Many Learning Management Software (LMS) buyers are overwhelmed by dizzying pricing pitches of different LMS vendors, each one positioning their price to be the best. On the surface, many web based LMS look like a fantastic deal. Be a smart buyer. Know how much LMS products would really cost before subscribing to one. Find out your options in this review of the costs and pricing models of learning management systems.
There’s no one-size-fits-all costs and pricing model of learning management systems. The final price depends on your specific requirements, such as: number of learners; course content; learning period; collaboration with teachers; support; and other add-on features. In general, the costs are based on three factors:
Licensing fees give you access to course content and LMS features, such as, skills gap analysis, progress tracking, and reporting. This is the main price of the LMS and often published as the lowest range to entice you (for example, “as low as $10”). Here’s a tip: always expect to shell out more than the published rate.
A setup fee may be charged to install the software in your server or computer, or create your user account in the vendor’s server. This can be a hidden cost; vendors are known to indicate a setup fee will be charged, not on the homepage, but in the the fine print of terms and conditions.
Meanwhile, a support fee may be pitched as an add-on to train your group on how to use the LMS tools or troubleshoot for glitches. Some vendors offer this LMS feature for free as a come-on or as a limited feature during the demo period.
The varying pricing models used by LMS vendors seem to make us compare apples to oranges between products. The trick is to analyze the features and calculate the final price and see which LMS product comes at the top. But before you can do this, you need to know the standard pricing models used by most LMS vendors.
You are charged with a flat fee per user per month no matter how much training you get. The training may be limited to a module; using another module may loop you into another flat fee. This setup can also include a one-time setup fee. This pricing model generally hovers around $5 per user per month, but for bigger groups the price can be scaled down to $0.50.

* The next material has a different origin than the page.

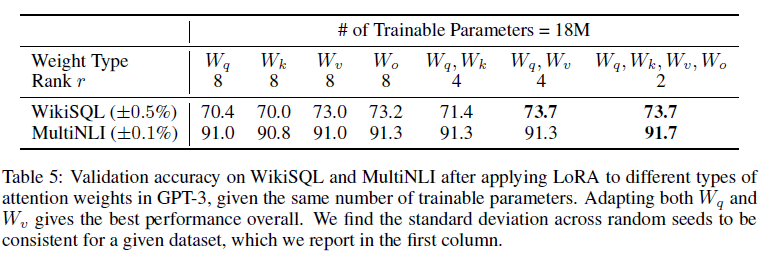 W_q와 W_v를 모두 적응시키는 것이 전반적으로 최고의 성능을 제공합니다. 주어진 데이터셋에 대해 무작위 시드에 따른 표준 편차가 일관됨을 확인하였으며, 이는 첫 번째 열에 보고됩니다.

This model can be tricky. Confirm the vendor’s definition of “per use.” It can be per module, per course, per elements in the course, or per minimum number of learners. Expect to find this finer definition in the details, so check the terms. LMS using this model can range from $0.50 to $10 per learner per course depending on vendor specifics and size of your group.
At the outset this model looks expensive, but check the terms; they can be cost-effective if you’re into LMS for the long haul. You are charged with a one-time upfront fee to use the software for the entire course duration, or it can also be an annual or monthly license fee as long as you use the LMS. Furthermore, watch out for annual support fee. This pricing can range from $500 annual license to $20,000 up for a one-time license.
These are the standard pricing models and it’s likely you’ll come across any of them once you do a comparison of the costs and pricing models of learning management systems. But bear in mind there are other pricing models that may be specific to a product or a variation of the two or all of the models above. With a good grasp of standard LMS pricing, it should be easy to discern which pricing works for you.